A debate involving the KU scientists, recently documented by the PBS program "NOVA," had flared over the question of whether evidence supported the theory that animals developed flight as ground dwellers, as a majority of paleontologists had asserted. But Martin and Burnham argue that flight originated above, in the trees. Such animals would have been gliders. The researchers say that fossils of the hawk-sized microraptor shore up their theory.
"The controversy was that these animals couldn't spread their hind-wings to glide," said Burnham. "But we've been able to articulate the bones in their hip socket to show that they could fly."
The new flight model created by Martin and Burnham comes directly from a skeleton composed of casts of the original bones of a microraptor and the preserved impressions of feathers from specimens in Chinese museums.
These astonishingly preserved fossils give a detailed image of the plumage in the gliding raptor and make possible the construction of an accurate model.
The fossils also show that an essentially sprawling posture was a plausible hind-limb wing position to provide stable flight with gliding parameters better than those of modern "flying lemurs."

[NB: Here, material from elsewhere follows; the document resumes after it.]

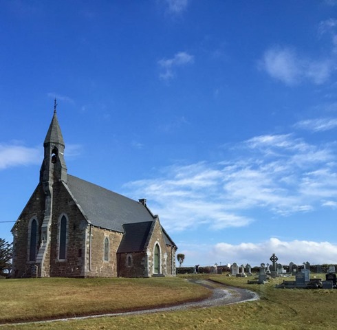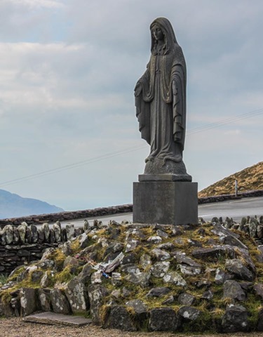 Onward we went. We were able to see the Skellig Islands out in the Atlantic Ocean (right photo, two islands in the background). The sculpture (left) is called “To the Skellig,” and depicts four Monks taking a boat to the monastic island of Skellig Michael. The Skellig Islands are a UNESCO World Heritage Site, home to a 6th century monastery, a wildlife preserve, and is where the final scene of Star Wars: The Force Awakens was shot (on Skellig Michael, no big deal).

The competing "biplane posture" advanced by other researchers suggested that an upright stance provided for successful glides. But the KU-China team argues that this stance required an impossibly heavy head to maintain a proper center of gravity. Furthermore, the presence of seven-inch-long flight feathers on the feet would prohibit any extended stay on the ground. Thus, microraptor must have been completely arboreal.
"We decided that we would take the skeleton we had, put wings on it from the feather pattern and show that it could fly," said Burnham. "If others think that it was a terrestrial runner, they should make a model and put it on a treadmill and show that it could run with those long feathers on its hind legs."
Successful flight tests were conducted in the open air and under more controlled conditions in the Anschutz Sports Pavilion at KU. A video of some of the tests is available at http://www.features.ku.edu/microraptors.
Indeed, the KU-China team's work provides such strong support for the trees-down model for the origin of avian flight that the alternative terrestrial (ground up) origin now may be abandoned.
Researchers Martin, Burnham and Falk, along with Gong, recently made headlines for their discovery of a venom-delivery system in sinornithosaurus, a cousin of microraptor. A paper detailing that finding was published in PNAS last month.